Marks & Spencer is celebrating its 125th birthday this year, marking "a very long life for a retailer", said Rachel Sanderson on Breakingviews. Celebrations, however, "should be muted". Nearly every figure "is pointing in the wrong direction", said Elizabeth Rigby in the FT. Pre-tax profits in the past year fell by 40% to around £600m as like-for-like sales slid by 5.9%.

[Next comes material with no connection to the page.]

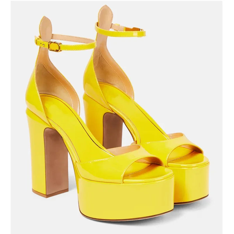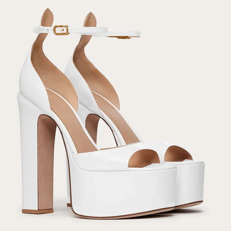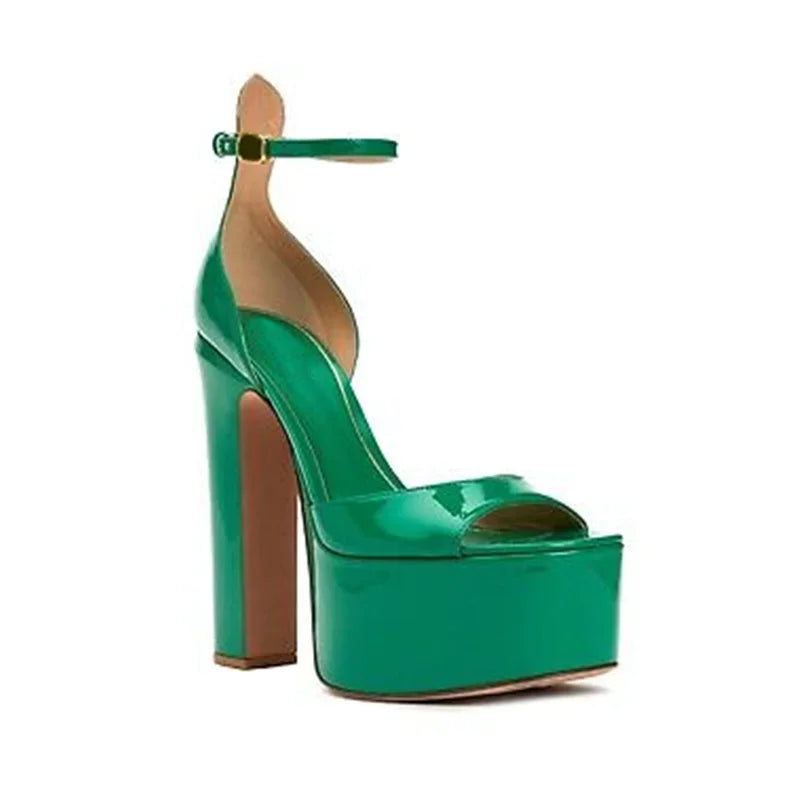 Platform Shallow Cover Heel Sandals Sexy Pointed Toe Ankle Buckle Belt Patent Leather New Arrivals Fashion Women Modern Shoes
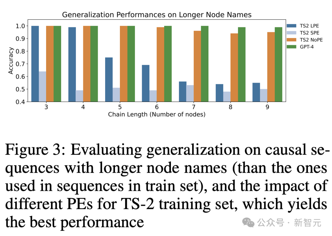 结果发现,TS2(NoPE)对节点名称的变化很稳健,在引入新的、更长的名称时仍能保持较高的准确率。它还保持了对新节点名称较长序列的通用性,其表现与GPT-4相似。

Price cuts have dented margins, but not enough to "stop the rot": the group's share of the womenswear, menswear and food markets has fallen. Margins are in for another pounding next year as sterling's fall against the dollar feeds through to costs. The tough outlook has prompted M&S to cut the dividend for the first time since 2000. That may well be "common sense", as chief executive Stuart Rose said, but shareholders are entitled to feel "uncommonly annoyed", said Nils Pratley in The Guardian. M&S has spent over half a billion pounds on buying back shares over the past two years at an average share price around a third higher than it is now.
Marks & Spencer: the core problem
Rose doesn't seem to have found a solution to M&S's "central structural problem", said Sanderson: the uncomfortable mix of "premium-priced food and mid-to-downmarket clothes". While the food business has come under pressure in the downturn, there are now plenty of high-street rivals offering the "high-quality but mass-market attire" that made M&S's name, as Jeremy Warner pointed out in The Independent. It's still not clear how M&S is relevant "to the modern world".